= Banchita Chakma =

Banchita Chakma is a Bangladeshi indigenous rights activist and former commissioner of the National Human Rights Commission of Bangladesh. She is the former principal of Rangamati Govt. College.

== Early life ==
Chakma completed her bachelor's and master's in botany at the University of Dhaka in 1978.

==Career==
Chakma joined the Bangladesh Civil Service in the education cadre.

While Chakma served as the principal of Rangamati Govt. College, there was a clash between Bengali and non-Bengali students in 2012. 50 people were injured in the riots that followed in Rangamati. In August 2016, she was appointed one of five members of the National Human Rights Commission of Bangladesh led by Kazi Reazul Hoque. She was a senate member of the National University of Bangladesh. She was the Commissioner of the District Rover Scout in Rangamati.

Chakma led a three-member investigation committee of the National Human Rights Commission into the death of Indigenous grade 12 student Romel Chakma in Bangladesh Army custody in 2017. She wrote to the Ministry of Defence seeking an explanation from the Bangladesh Army. She led another three-member committee looking into arson attacks on Indigenous villages in Langadu Upazila in June 2017. Her report stated the security services could have stopped the attacks if they had wanted to and the local civil administration provided support to the attackers.

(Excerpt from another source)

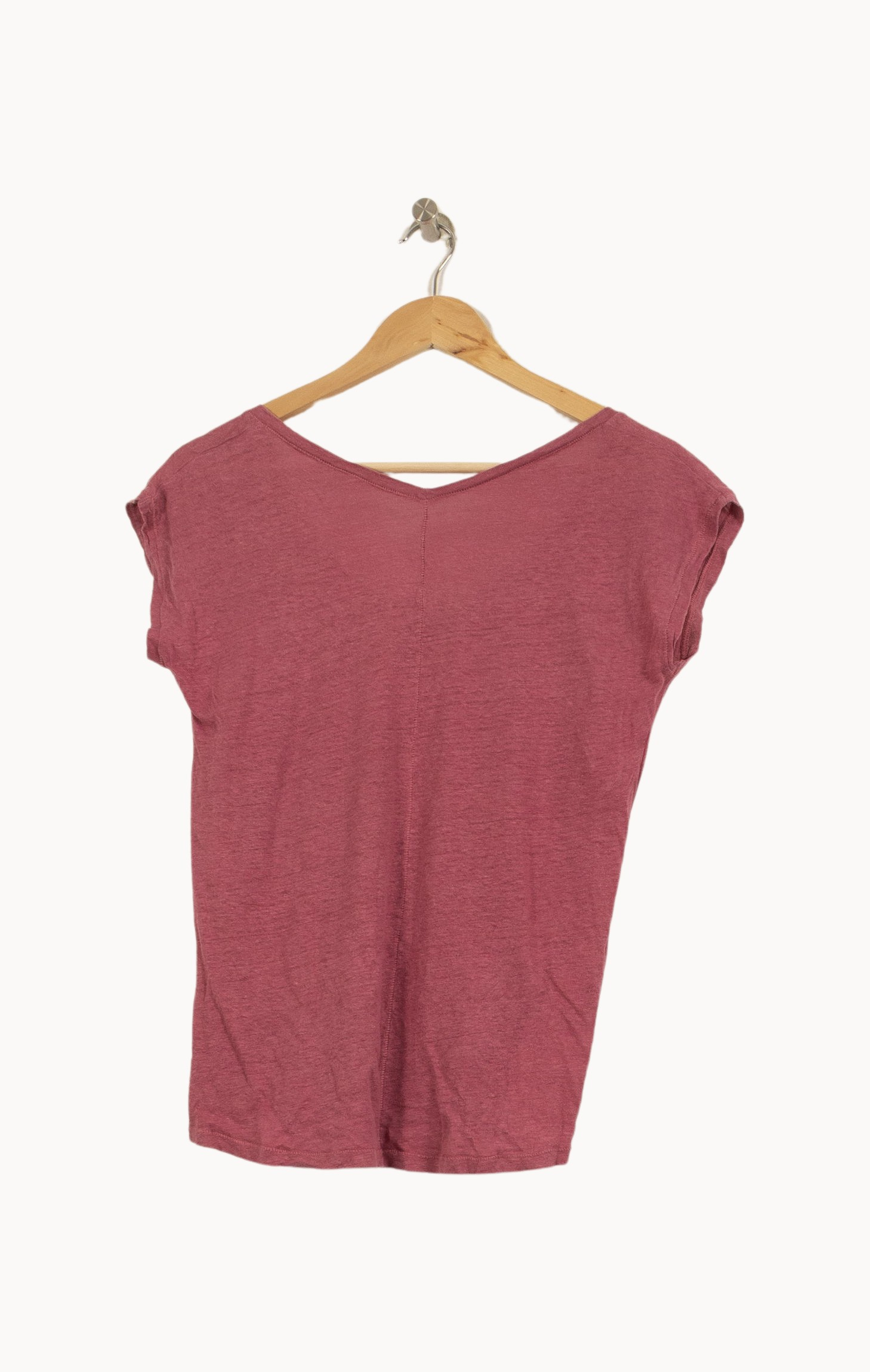 Top rose Comptoir des Cotonniers, taille S/36, coupe fluide et col en V. Confectionné dans un tissu léger, ce top se distingue par sa simplicité élégante et son tombé naturel. Idéal pour une journée estivale, associé à un jean ou une jupe pour une allure décontractée et raffinée.

Chakma went to Rangamati after two Marma sisters were raped by security personnel. The police guarded the girl's room and did not let them speak to journalists or human rights activists. She called police action a kind of human rights violation. She investigated the rape of a Chakma girl by Bangladesh Ansar. Security forces also attacked Rani Yan Yan, queen of the Chaka people, when she went to visit the girls in the hospital. The girls' parents were staying at the house of a local Awami League leader for their safety.

Chakma has been critical of taxpayer-funded foreign trips by the staff of Chittagong Hill Tracts Regional Council, Khagrachhari Hill District Council, Bandarban Hill District Council, Rangamati Hill District Council, and Ministry of Chittagong Hill Tracts Affairs for training. She described them as pleasure trips and a misuse of funds. She has also been critical of a provision of the National Human Rights Commission which prevents it from investigating human rights abuses by security forces.

In August 2021, Chakma was appointed rector of the Banophool Adibashi Green Heart College. She signed a statement asking the government of Bangladesh to stop its collective punishment of the Bawm people for the actions of the Kuki-Chin National Front.